The past week, ending November 7, saw U.S. artificial intelligence-related stocks retreat amid mounting valuation concerns. Amid this sell-off, nearly $50 billion of SoftBank Group’s market capitalization was wiped out. This ripple effect was observed across tech-heavy exchanges worldwide. Last week, Goldman Sachs CEO David Solomon stated that he anticipates a 10-20% market drawdown within the next two years. At the same time, the IMF and the Bank of England have stated that they foresee an AI bubble emerging soon.

As of November 14, 2025, volatility has been reported across AI-linked ETFs, highlighting how rapidly momentum can disappear amid a macro environment where massive inflows are being attracted. On Monday, Mike Akins from the investment analytics and research platform ETF Action expressed a cautious stance regarding uneven investor enthusiasm, citing AI-focused funds that have recorded a 60% performance spread in 2025. He said that among the nearly 400 ETFs they classify as thematic, the best-performing one is up over 150% year to date, but several others are down 10%.

On the other hand, at the Web Summit tech conference on Tuesday, several tech CEOs shed light on AI valuations, calling them exaggerated. DeepL’s Jarek Kutylowski cited “signs of a bubble.”
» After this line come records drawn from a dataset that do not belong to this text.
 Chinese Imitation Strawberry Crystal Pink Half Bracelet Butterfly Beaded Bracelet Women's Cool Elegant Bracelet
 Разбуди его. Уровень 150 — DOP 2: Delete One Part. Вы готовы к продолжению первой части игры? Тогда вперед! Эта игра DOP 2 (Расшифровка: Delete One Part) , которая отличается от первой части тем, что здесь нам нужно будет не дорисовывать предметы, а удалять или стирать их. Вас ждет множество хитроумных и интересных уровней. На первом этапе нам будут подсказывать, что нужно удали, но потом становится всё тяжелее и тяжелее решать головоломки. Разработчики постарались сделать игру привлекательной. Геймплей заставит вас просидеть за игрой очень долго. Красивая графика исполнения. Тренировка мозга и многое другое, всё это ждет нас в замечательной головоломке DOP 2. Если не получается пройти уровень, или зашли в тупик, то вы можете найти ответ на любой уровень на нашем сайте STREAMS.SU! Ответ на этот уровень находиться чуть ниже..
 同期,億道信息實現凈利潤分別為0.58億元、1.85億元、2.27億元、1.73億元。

Still, UBS strategist Kiran Ganesh pointed out the limited volatility, citing a positive broader narrative. Speaking to CNBC on November 7, he stated, “We’ve had a remarkably smooth rally given the scale of investment that’s taken place, given the uncertainty about future cash flows, and given some of those concerns about valuation.”
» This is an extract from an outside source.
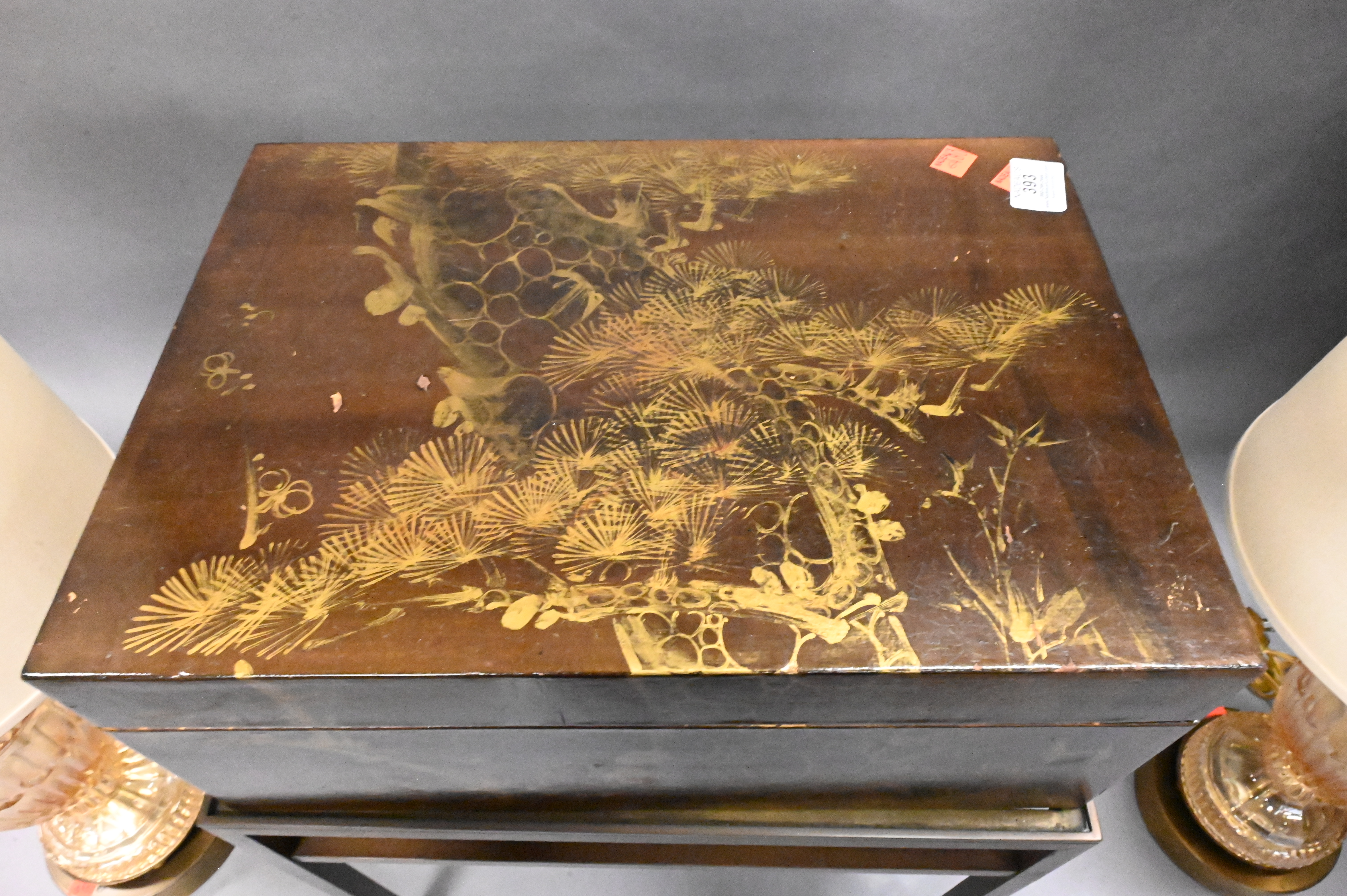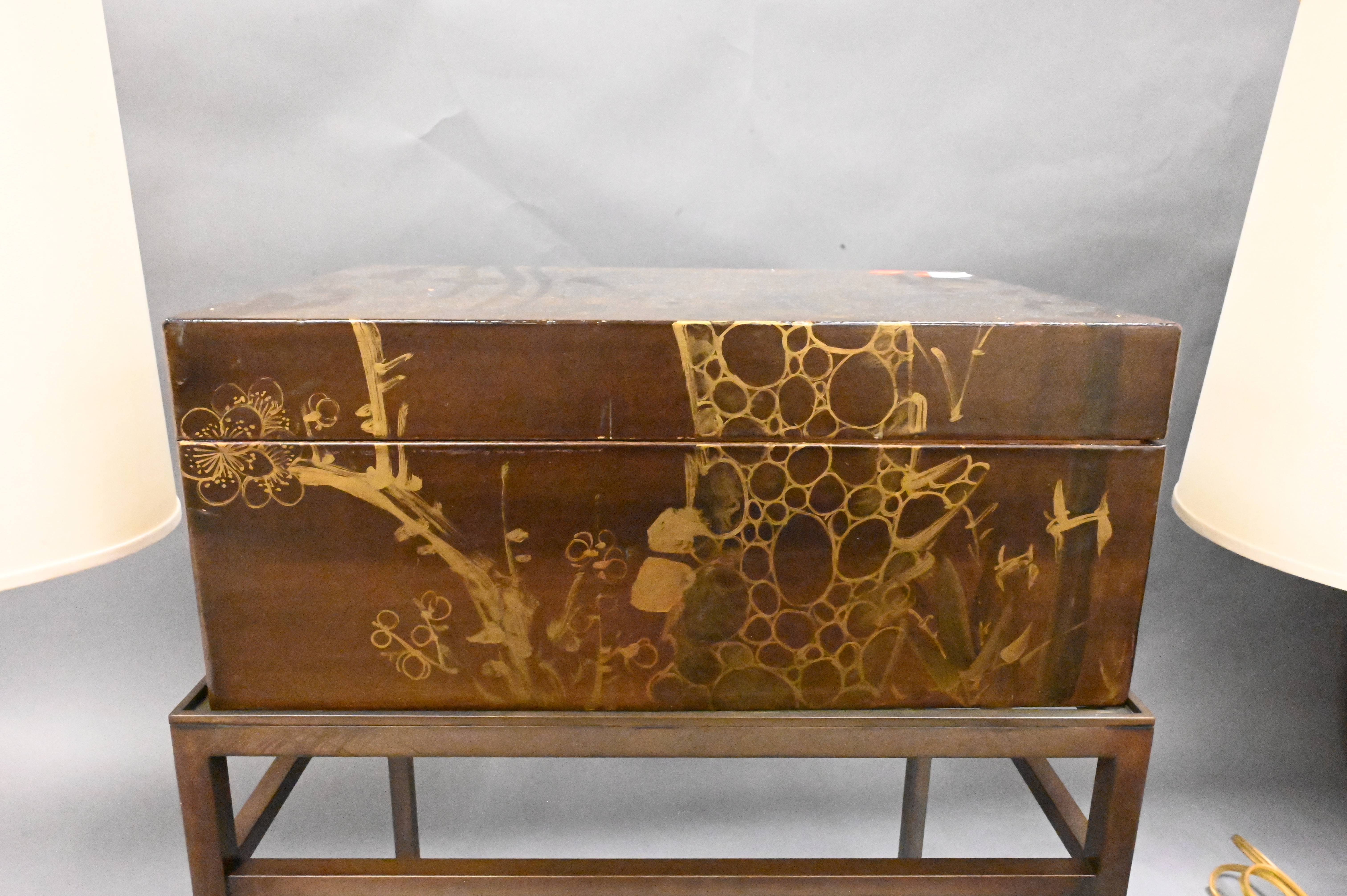 Lot 393: Pair of Urn Form Glass Lamps along with Japanese Lift Top Box
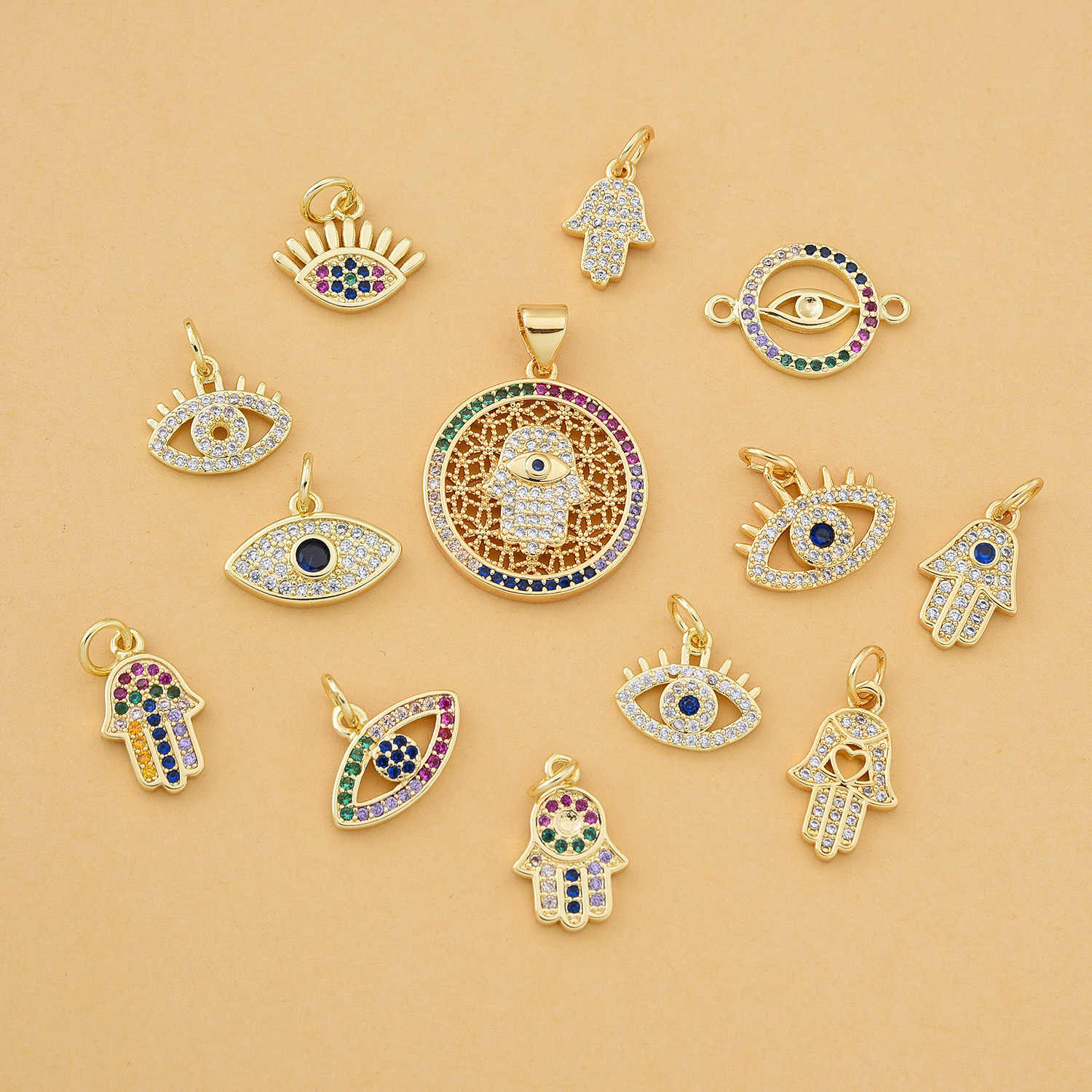 European and American Cross-Border New Turkish Devil's Eye Men's and Women's Necklace Gold-Plated Palm Eye Fatima Pendant Pendant

Reflecting on the recent movements within the tech space, Glenn Smith, chief investment officer at GDS Wealth Management, spoke to CNBC on November 7 and commented, “Some big tech stocks are on sale, and are presenting buying opportunities for investors, especially for investors who have missed out on the market’s strength over the past two months.”
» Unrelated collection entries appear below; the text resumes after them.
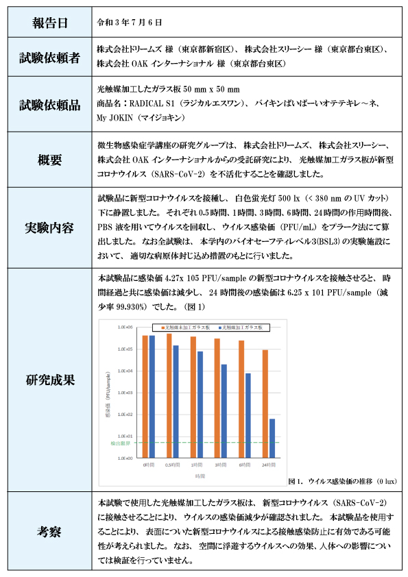 株式会社ドリームズは、公⽴⼤学法⼈奈良県⽴医科⼤学(医学部 微⽣物感染症学講座)及び⼀般社団法⼈MBTコンソー シアム(細井裕司理事⻑)協⼒のもと、『ラジカル エスワン』が新型コロナウイルスの不活化※に効果があることを確 認しました。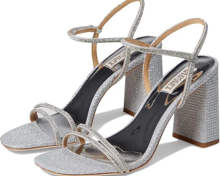 - With an embellished rhinestone detailing all over, the Badgley Mischka® Firey Heels feature a two-strap detailing on the vamp.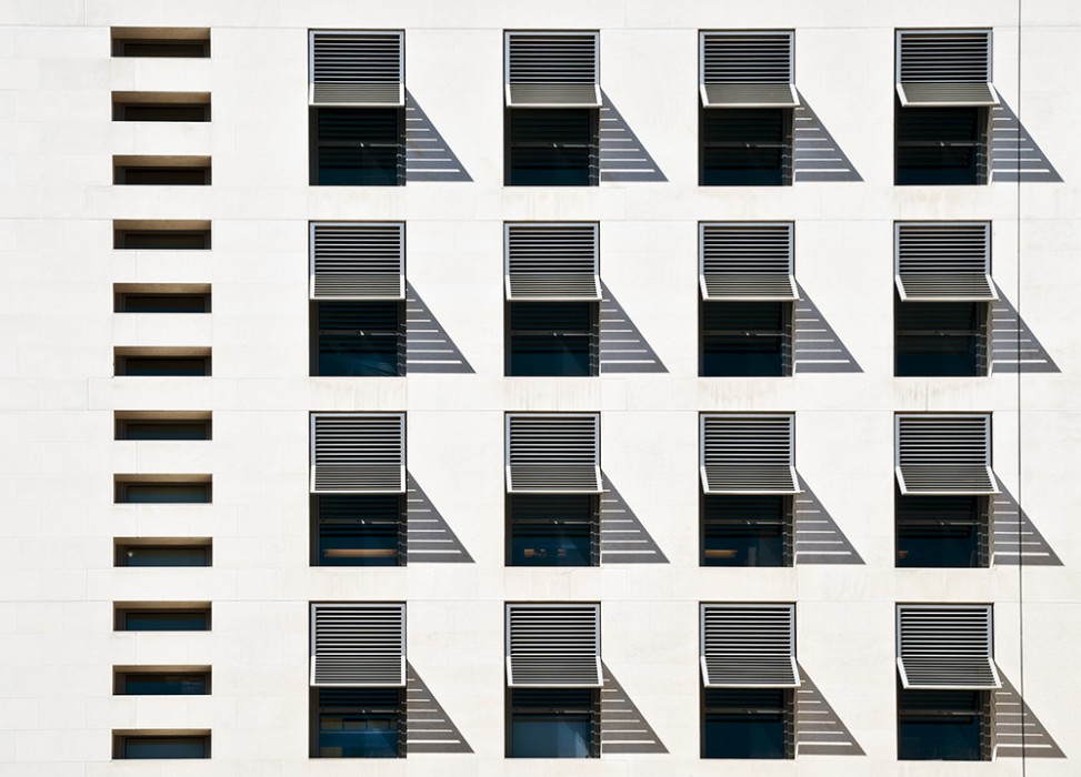 Shadows cast by the "rise soleil" (sun screens) on the facade of a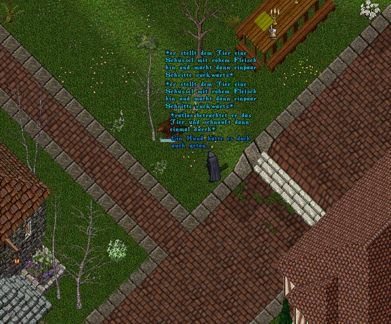 Nach Abschluss seiner Patrouille begab sich der junge Paladin wieder zu dem Bären, den er eigenhändig an einen Baum gebunden hatte. Er wusste immer noch nicht so recht, was er mit dem Tier machen sollte. Ganz gleich wie seltsam friedlich das Tier zu sein schien, war es immer noch ein Bär - ein wildes Tier, das im Stande wäre seine kleine Besitzerin in Stücke zu reissen. Es wäre nicht verantwortlich, ihr Blau zu übergeben und ebenso unverantwortlich wäre es, dass arme Tier hier weiter, an den Baum gekettet, stehen zu lassen.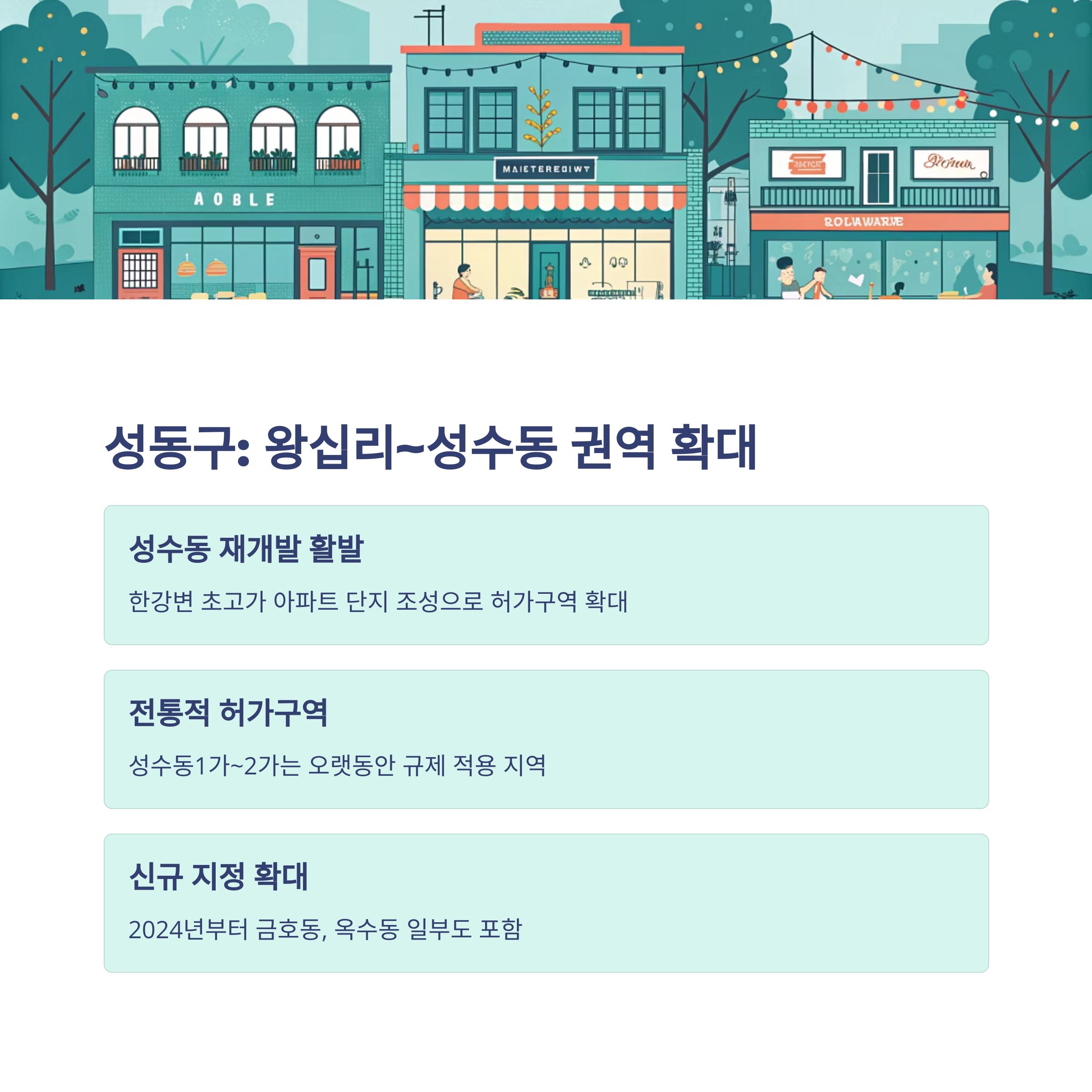 2024년부터는 금호동, 옥수동 일부도 신규 지정되어, 광범위한 규제가 적용되고 있습니다.

Meanwhile, a global reshaping of capital flows is occurring, driven by artificial intelligence (AI). In October 2025, UBS projected that AI spending would reach $375 billion in 2025 and potentially surpass the $500 billion mark in 2026.

As headline AI names continue drawing capital, there exist some overlooked tech stocks that may offer more attractive opportunities despite shifting market sentiment. Thus, it is essential to shed light on overlooked tech stocks, as these names may offer sustainable growth avenues by combining innovation and operational prudence. This way, investors may participate in the AI revolution while avoiding getting swept up in the overexcitement surrounding tech giants.

Our Methodology

To curate our list of overlooked tech stocks to invest in, we scanned financial media, online screeners, and ETFs to extract a list of technology stocks with a market capitalization of over $2 billion and an upside potential of at least 10% as of November 12, 2025. Next, we considered hedge fund ownership of these stocks, selecting those with relatively lower numbers of hedge fund holdings compared to industry peers, indicating they are under-the-radar. For hedge fund data, we relied on Insider Monkey’s hedge fund database, which tracks 983 hedge funds. Our list is presented in ascending order based on the number of hedge funds holding stakes in each stock, as of Q2 2025.

Why are we interested in the stocks that hedge funds pile into? The reason is simple: our research has shown that we can outperform the market by imitating the top stock picks of the best hedge funds. Our quarterly newsletter’s strategy selects 14 small-cap and large-cap stocks every quarter and has returned 427.7% since May 2014, beating its benchmark by 264 percentage points (see more details here).

11. Bitdeer Technologies Group (NASDAQ:BTDR)

Upside Potential: 127.16%

Number of Hedge Fund Holders: 12

Bitdeer Technologies Group (NASDAQ:BTDR) is one of the overlooked tech stocks to invest in.

On November 12, 2025, B. Riley’s Nick Giles reduced his price target on Bitdeer Technologies Group (NASDAQ:BTDR) from $32 to $29. However, the analyst reiterated a “Buy” rating, attributing the positive stance to potential catalysts, such as the mass production of the first-generation A4 chip in Q1 2026 and upcoming HPC/AI contract developments.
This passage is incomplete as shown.